Work task → Pictures aside, copy every record word for word.

Supplied material →
────────────────────

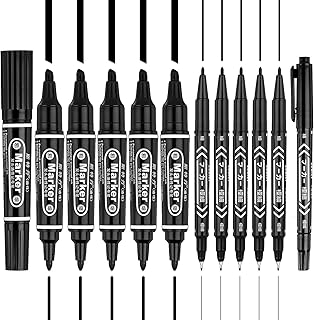 Whaline Lot de 12 marqueurs permanents 4 tailles Pointe ultra fine et pointe biseautée Noir Pour carte, bois, verre, métal, céramique, peinture sur roche
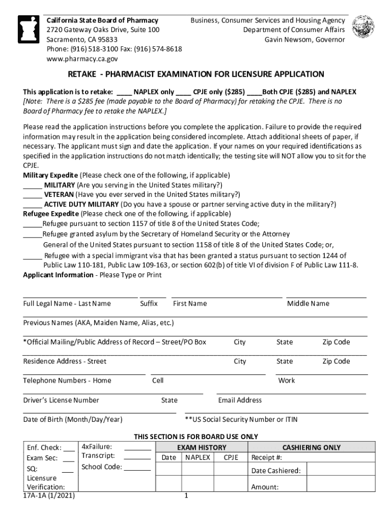 California State Board of Pharmacy 2720 Gateway Oaks Drive, Suite 100 Sacramento CA 95833 Phone: (916) 5183100 Fax: (916) 5748618 www.pharmacy.ca.govBusiness, Consumer Services and Housing Agency
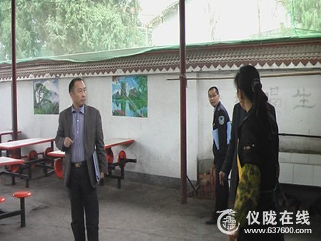 2012月3日23日上午10时,仪陇县回春镇政府安全领导胡文峰、杜明述,深入来仪陇县来苏小学,对学校食堂食品安全工作进行了专项检查。检查的内容主要有三个方面:一是卫生状况(个人卫生、设备卫生、食品卫生、环境卫生);二是库房内物资存放情况,物资存放是否堆放整齐,有无记录;三是台账登记及索证情况。尤其对食品添加剂、台账、索证、食品保质期、灭蝇防鼠、餐具消毒情况进行了重点检查。
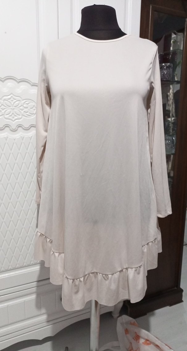 boy 99 cm göğüs 50 cm beden genişliği 67 cm ince kumaş iç gösterir Bej renk, uzun kollu ve yüksek yakalı uzun tunik. Bol kesim ve etek kısmında fırfır detayları bulunur. Yumuşak sentetik kumaştan, günlük kullanıma uygun bohem tarzda.40/42 beden
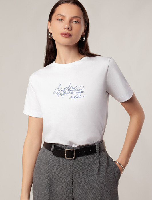 Совместные покупки Пермь Женская одежда Футболки — Акция Vilatte Футболка из премиального хлопка с авторским принтом D49.110 белый
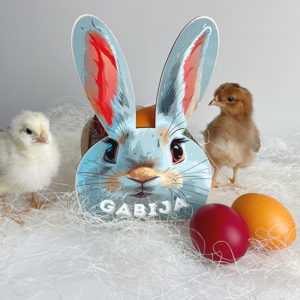 Holzkorb "Hase" mit Ihrem Wunschnamen
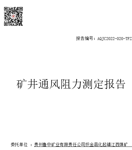 貴州魯中礦業(yè)有限責(zé)任公司織金縣化起鎮(zhèn)江西煤礦礦井通風(fēng)阻力測(cè)定
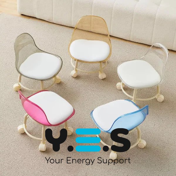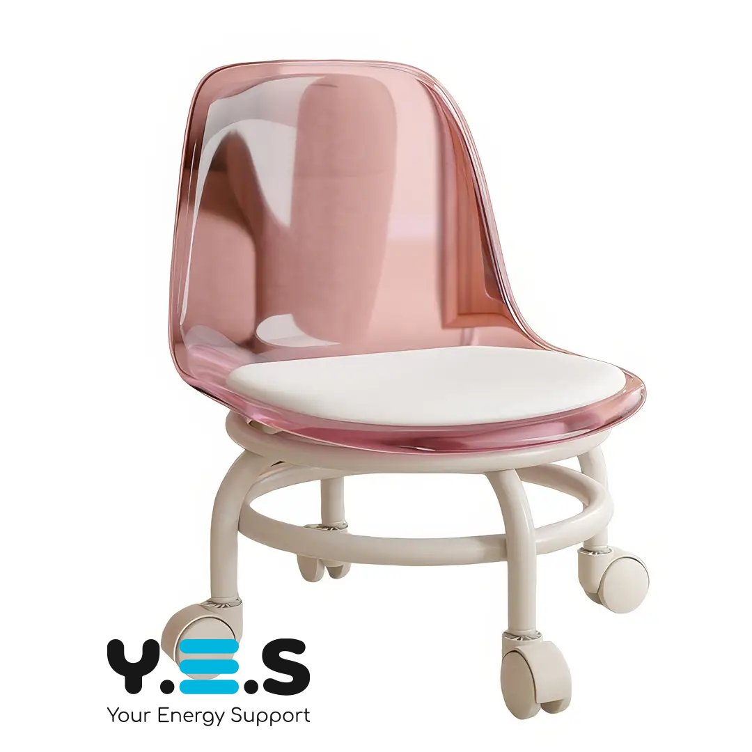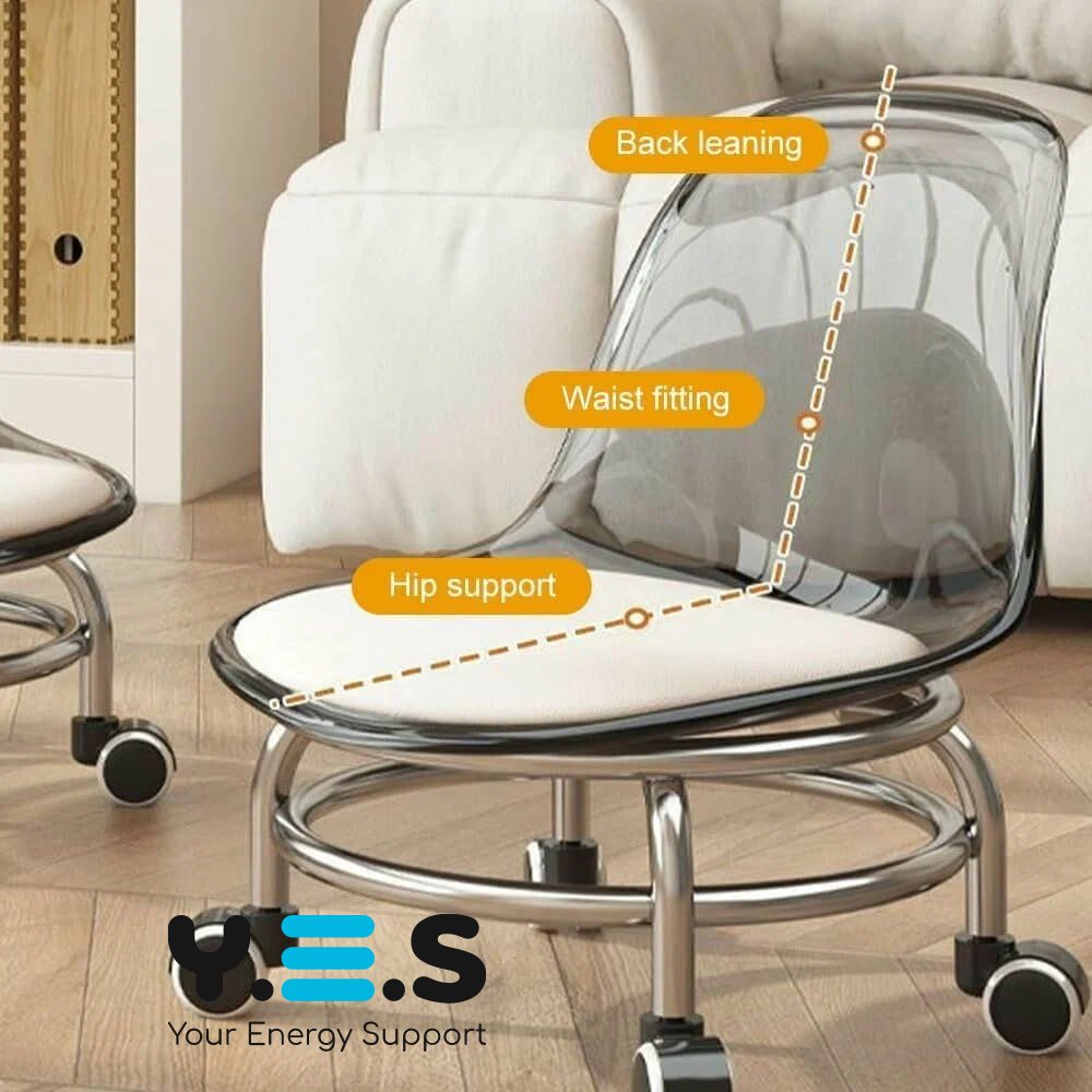 Домашнє крісло-стілець на коліщатках з м’яким сидінням і прозорою акриловою спинкою

────────────────────

The answer →
 Whaline Lot de 12 marqueurs permanents 4 tailles Pointe ultra fine et pointe biseautée Noir Pour carte, bois, verre, métal, céramique, peinture sur roche
 California State Board of Pharmacy 2720 Gateway Oaks Drive, Suite 100 Sacramento CA 95833 Phone: (916) 5183100 Fax: (916) 5748618 www.pharmacy.ca.govBusiness, Consumer Services and Housing Agency
 2012月3日23日上午10时,仪陇县回春镇政府安全领导胡文峰、杜明述,深入来仪陇县来苏小学,对学校食堂食品安全工作进行了专项检查。检查的内容主要有三个方面:一是卫生状况(个人卫生、设备卫生、食品卫生、环境卫生);二是库房内物资存放情况,物资存放是否堆放整齐,有无记录;三是台账登记及索证情况。尤其对食品添加剂、台账、索证、食品保质期、灭蝇防鼠、餐具消毒情况进行了重点检查。
 boy 99 cm göğüs 50 cm beden genişliği 67 cm ince kumaş iç gösterir Bej renk, uzun kollu ve yüksek yakalı uzun tunik. Bol kesim ve etek kısmında fırfır detayları bulunur. Yumuşak sentetik kumaştan, günlük kullanıma uygun bohem tarzda.40/42 beden
 Совместные покупки Пермь Женская одежда Футболки — Акция Vilatte Футболка из премиального хлопка с авторским принтом D49.110 белый
 Holzkorb "Hase" mit Ihrem Wunschnamen
 貴州魯中礦業(yè)有限責(zé)任公司織金縣化起鎮(zhèn)江西煤礦礦井通風(fēng)阻力測(cè)定
 Домашнє крісло-стілець на коліщатках з м’яким сидінням і прозорою акриловою спинкою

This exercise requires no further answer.